*** Data excerpt ***
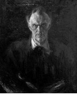 Self-portrait (grayscale)
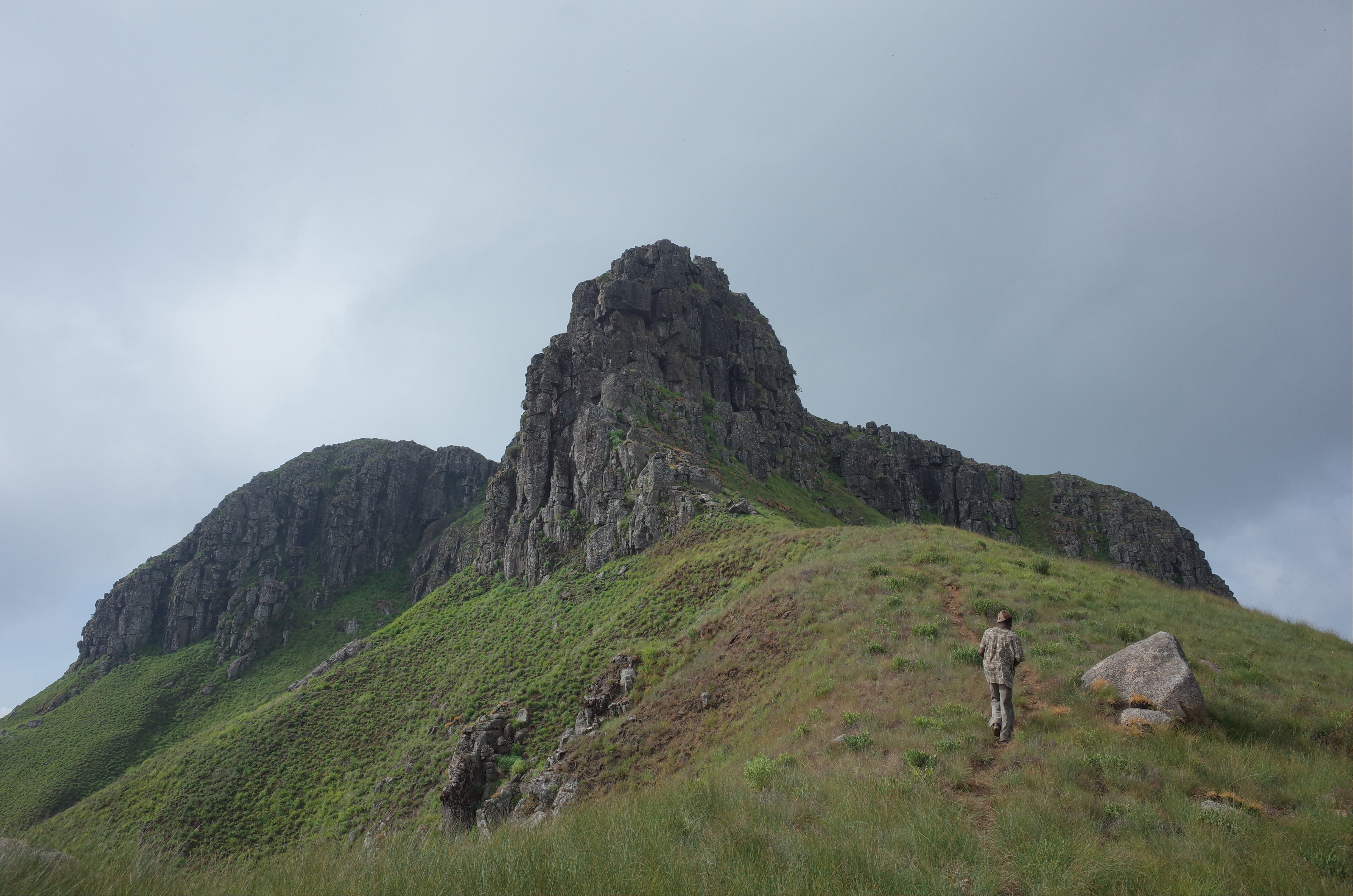 Mountain Bintunami in beginning of a rainy season
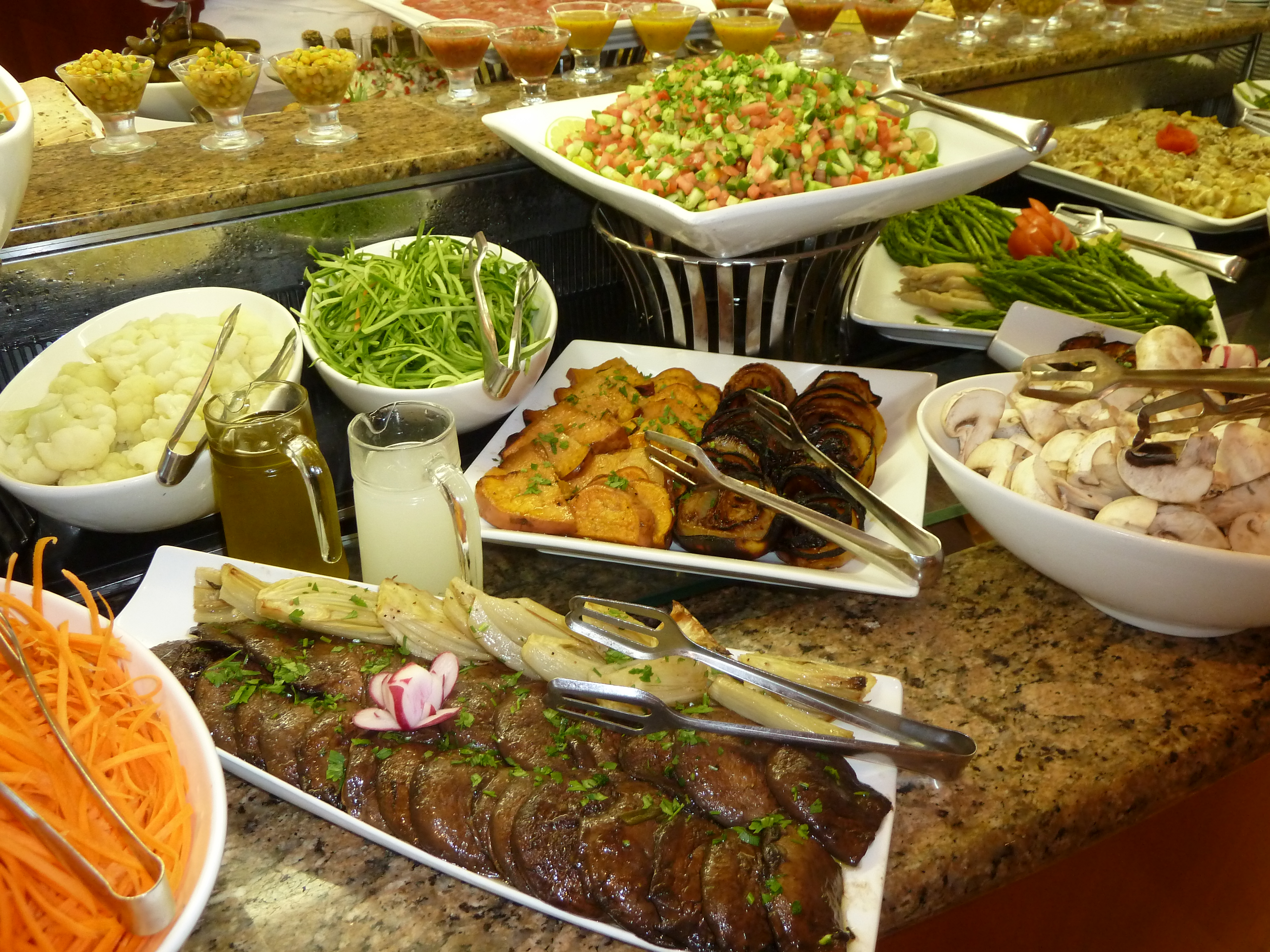 Cuisine of Israel, as seen duirng lunch in the Hilton Tel Aviv
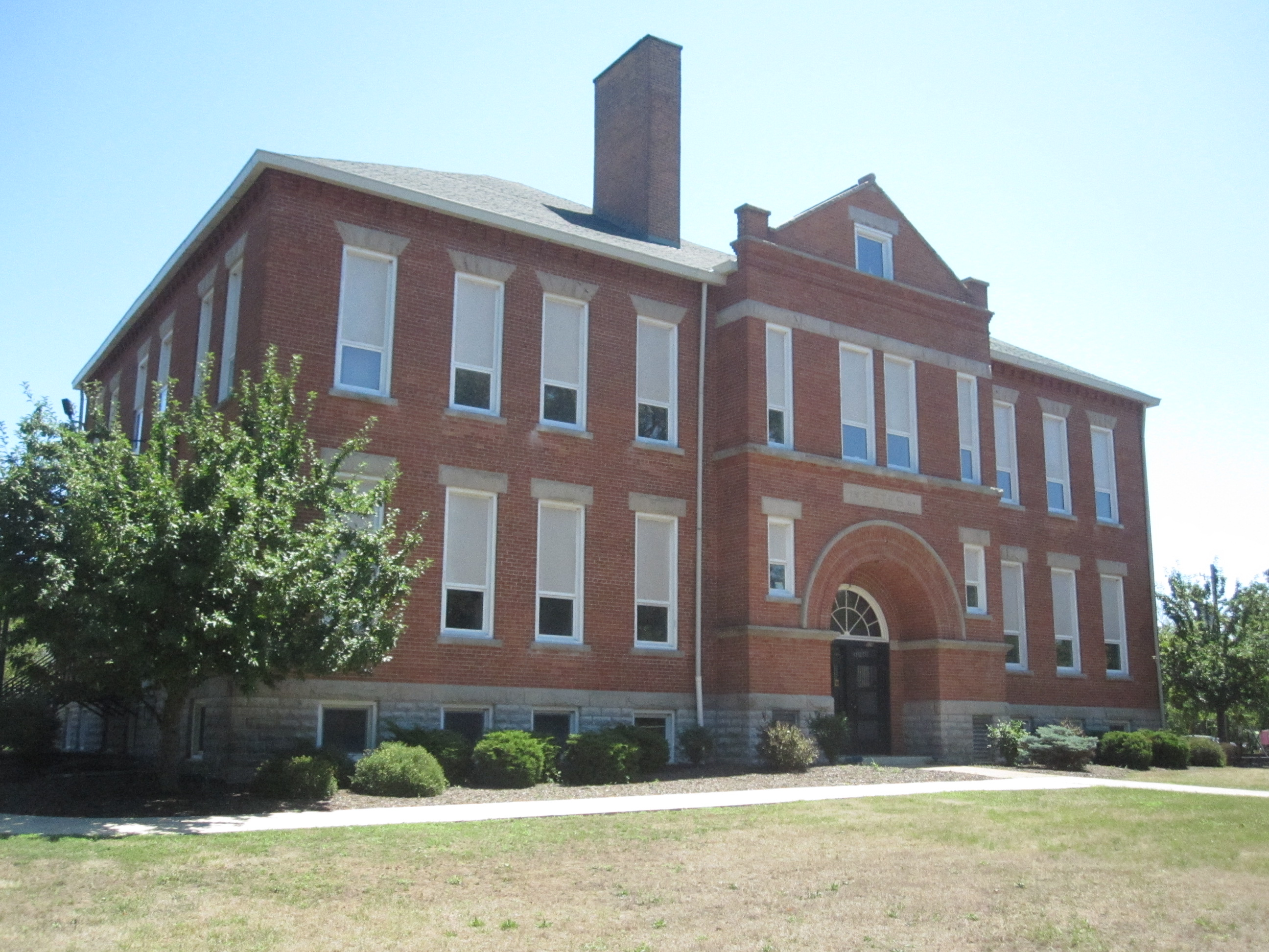 The Estes Schoolhouse in Kelleys Island, photographed 7/30/2011.
***
== Your goal ==
Every line from the one holding "Mountain Bintunami in" to the last line of the listing above, inclusive, must appear exactly as written, and no picture may appear.

== Written solution ==
 Mountain Bintunami in beginning of a rainy season
 Cuisine of Israel, as seen duirng lunch in the Hilton Tel Aviv
 The Estes Schoolhouse in Kelleys Island, photographed 7/30/2011.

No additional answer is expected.